**WHAT YOU ARE ASKED TO DO:** No pictures belong in the copy. Retype exactly, and only, the stretch of lines below from the one with "なお、昭和50年頃の航空写真" through the one with "Icon(Icons.person), ), )".

**DATA EXTRACTS:**

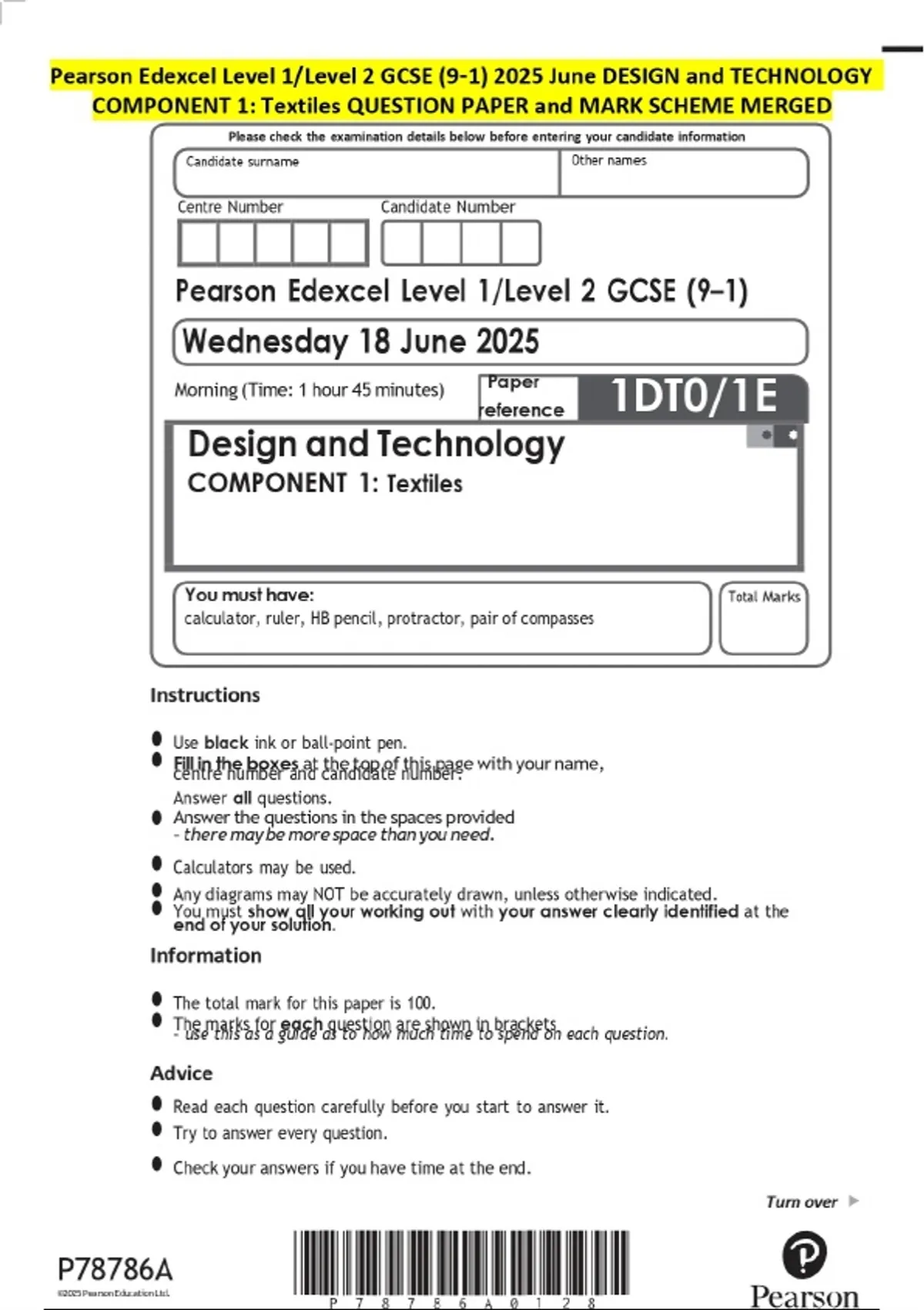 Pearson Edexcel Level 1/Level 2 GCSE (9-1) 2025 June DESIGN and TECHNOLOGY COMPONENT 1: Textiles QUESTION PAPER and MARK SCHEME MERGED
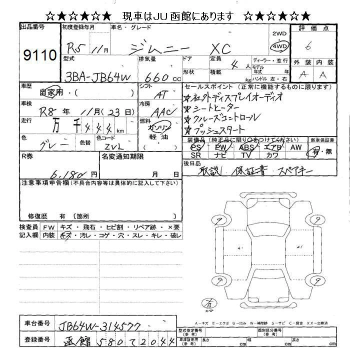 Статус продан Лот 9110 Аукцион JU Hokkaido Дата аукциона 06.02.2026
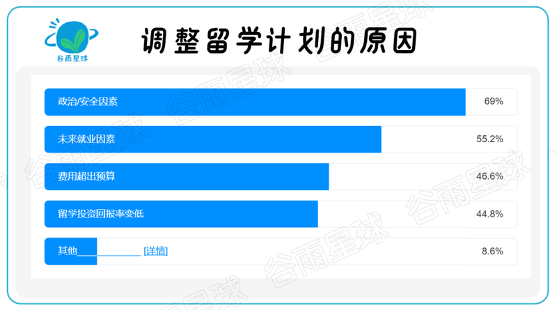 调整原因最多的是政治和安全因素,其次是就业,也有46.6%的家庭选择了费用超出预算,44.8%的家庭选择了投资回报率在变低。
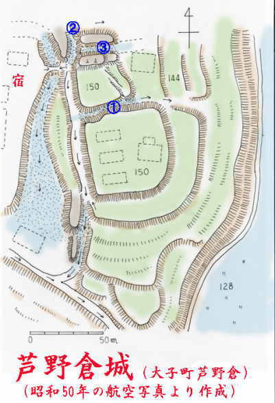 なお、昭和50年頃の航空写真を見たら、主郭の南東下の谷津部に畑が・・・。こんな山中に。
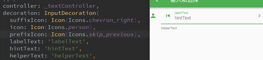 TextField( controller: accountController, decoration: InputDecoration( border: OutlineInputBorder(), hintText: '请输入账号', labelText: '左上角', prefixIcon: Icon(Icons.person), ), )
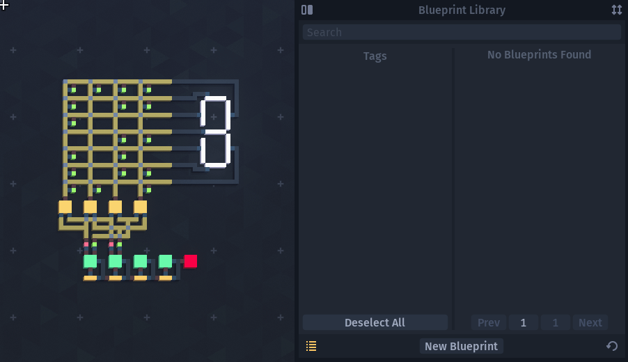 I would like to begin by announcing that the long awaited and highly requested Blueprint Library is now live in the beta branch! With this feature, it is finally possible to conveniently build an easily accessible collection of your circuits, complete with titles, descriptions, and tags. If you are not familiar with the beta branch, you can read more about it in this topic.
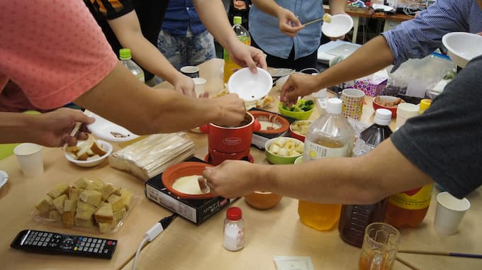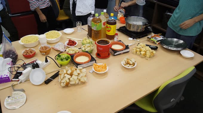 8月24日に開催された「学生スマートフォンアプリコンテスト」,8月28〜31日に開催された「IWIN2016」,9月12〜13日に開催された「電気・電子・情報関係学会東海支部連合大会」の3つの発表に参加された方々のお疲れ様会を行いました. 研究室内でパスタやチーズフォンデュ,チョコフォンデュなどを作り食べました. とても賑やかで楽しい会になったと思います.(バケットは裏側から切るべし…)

* * *

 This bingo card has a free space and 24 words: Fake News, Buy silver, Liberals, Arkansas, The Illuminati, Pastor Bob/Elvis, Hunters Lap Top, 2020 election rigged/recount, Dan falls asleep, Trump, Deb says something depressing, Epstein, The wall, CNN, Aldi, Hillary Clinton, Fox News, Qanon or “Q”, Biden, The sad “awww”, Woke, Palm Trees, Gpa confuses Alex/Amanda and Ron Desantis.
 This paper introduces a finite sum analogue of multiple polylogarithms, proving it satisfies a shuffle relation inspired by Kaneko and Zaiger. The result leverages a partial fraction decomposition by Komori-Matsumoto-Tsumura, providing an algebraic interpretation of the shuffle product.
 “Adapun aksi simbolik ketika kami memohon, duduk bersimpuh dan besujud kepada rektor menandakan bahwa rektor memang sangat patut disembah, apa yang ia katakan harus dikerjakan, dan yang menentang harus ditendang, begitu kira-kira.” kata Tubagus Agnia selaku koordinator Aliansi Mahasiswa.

**SOLUTION FOR THIS TASK:**
 なお、昭和50年頃の航空写真を見たら、主郭の南東下の谷津部に畑が・・・。こんな山中に。
 TextField( controller: accountController, decoration: InputDecoration( border: OutlineInputBorder(), hintText: '请输入账号', labelText: '左上角', prefixIcon: Icon(Icons.person), ), )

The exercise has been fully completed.